ABOUT NOLAN RYAN BEEF & THE COOKBOOK

CHARLIE BRADBURY

President and CEO, Nolan Ryan Beef

This book was written by one of the most successful cattle ranchers in Texas. He just happens to be a Hall of Fame pitcher, but I know another side of Nolan Ryan. I first met Nolan in 1981, when I was working for Beefmaster Breeders United, a beef breed association. I was very young, and my task as a field representative was to visit ranches as part of a voluntary classification program—the rancher paid the field reps to come and tell them which cattle they ought to keep and which cattle they ought to cull (remove from the herd because of undesirable traits that hinder profitability).

Once a rancher agreed to have us inspect the herd, though, they were compelled to abide by our decisions. If there was a young heifer or bull presented by the rancher for classification that we didn’t think should retain registration papers, then they would have to surrender the papers—regardless of how they felt about it. It was a very serious process.

Beefmaster Breeders United sent me to Nolan’s place in Alvin, Texas, just outside of Houston. Nolan had not been in the Beefmaster cattle business for long at this point. He’d been pitching for the Houston Astros for a year or so, and this was when he started really putting together his cattle herd. He bought a ranch in Gonzalez, but he still kept a lot of his young cattle at his place in Alvin. He had about two hundred acres and he kept young bulls and heifers on his property.

Nolan loved the fact that his cattle were only about thirty minutes from where he pitched at the Astrodome—even during the baseball season he could tend to his cows when the Astros had a home stand.

One of the things I remember about that first visit with Nolan was that he did not like everything I told him about his cattle. When you are dealing with people who are just getting into the purebred cattle business after being successful in another occupation—whether professional sports or the oil business—you generally run into a lot of egos, and you have to watch your step and be diplomatic. But Nolan was different. From the get-go he had a matter-of-fact approach. He viewed this as a business rather than as a hobby or as something he was dabbling in to make some quick money.
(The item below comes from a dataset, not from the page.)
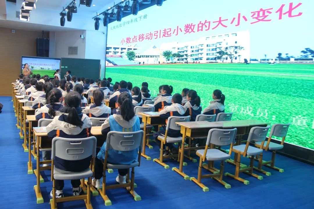 李建玲名师团队的童丽红老师做《小数点的移动引起小数大小的变化》课例展示。

Nolan was not out to make a quick buck in the cattle business. He was very conservative with his money and very careful and thoughtful in his investment strategy. Of course, I knew he was a major league pitcher when we first met, but you’d never know based on his demeanor that he was the first baseball player to sign a million-dollar contract. I was a young whippersnapper coming to his ranch as an expert who was paid to make some important decisions he didn’t necessarily agree with. He could have been upset with me about some of the things I said, but he didn’t come across that way at all—he was interested in and valued my opinion, and he treated me with respect. I could tell he really enjoyed the cattle—it was something he cared about, and that’s what leads to success in what is a very challenging business.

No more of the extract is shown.